**Problem to work on**
Return the listing below exactly, with the pictures dropped.

─── Exercise data ───

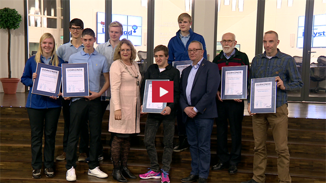 Willem Landman ontving op het gemeentehuis een oorkonde vanwege zijn nationale titels in 2015:
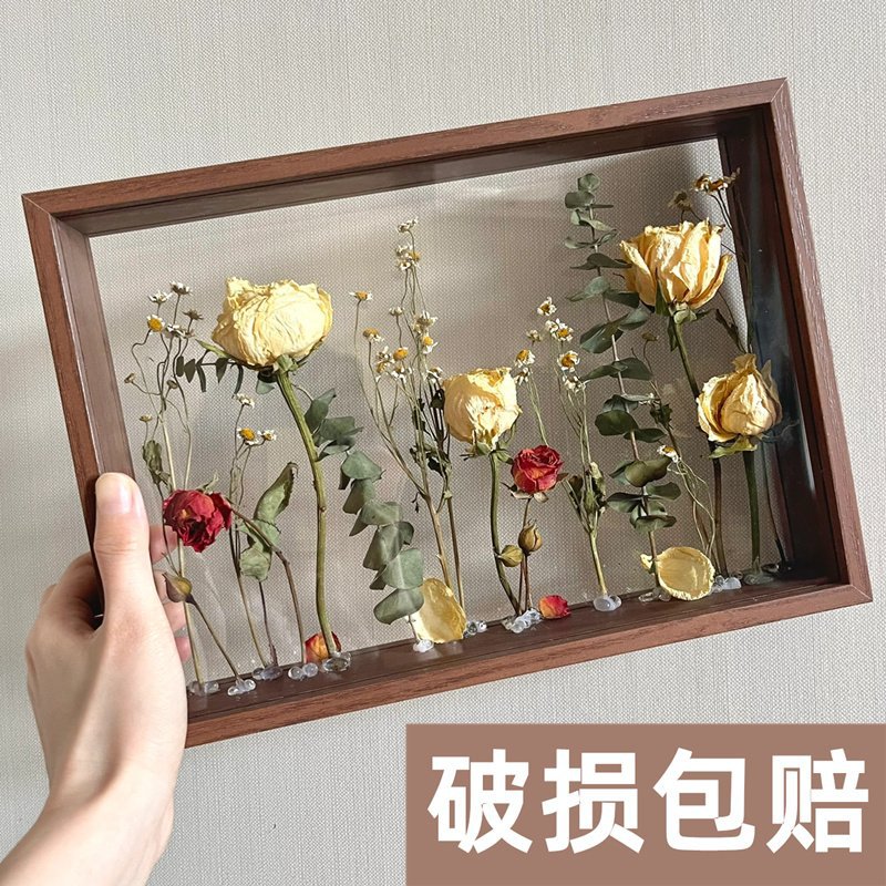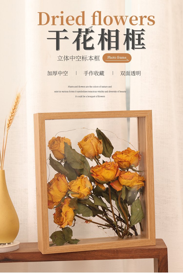 말린 꽃 사진 프레임 수제 DIY 보존 영원한 꽃 장미 3 차원 중공 양면 디스플레이 박스 도매
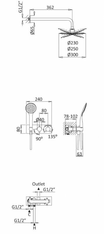 Душевая система с термостатическим смесителем с верхним и ручным душем CEZARES CZR-B-VDIM-T-01
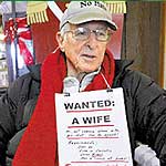 美国俄勒冈州科瓦利斯市82岁老翁桑迪·麦克洛奇单身多年,为了能在晚年找到如意的生活伴侣,竟想出了一个离奇的征婚方法。他像在脖子上挂块牌子到大街上寻求工作的人那样,也在脖子上挂上“征求妻子”的牌子,走上街头征婚。不过到目前为止,麦克洛奇还没有如愿以偿。

───

**Result for this exercise**
 Willem Landman ontving op het gemeentehuis een oorkonde vanwege zijn nationale titels in 2015:
 말린 꽃 사진 프레임 수제 DIY 보존 영원한 꽃 장미 3 차원 중공 양면 디스플레이 박스 도매
 Душевая система с термостатическим смесителем с верхним и ручным душем CEZARES CZR-B-VDIM-T-01
 美国俄勒冈州科瓦利斯市82岁老翁桑迪·麦克洛奇单身多年,为了能在晚年找到如意的生活伴侣,竟想出了一个离奇的征婚方法。他像在脖子上挂块牌子到大街上寻求工作的人那样,也在脖子上挂上“征求妻子”的牌子,走上街头征婚。不过到目前为止,麦克洛奇还没有如愿以偿。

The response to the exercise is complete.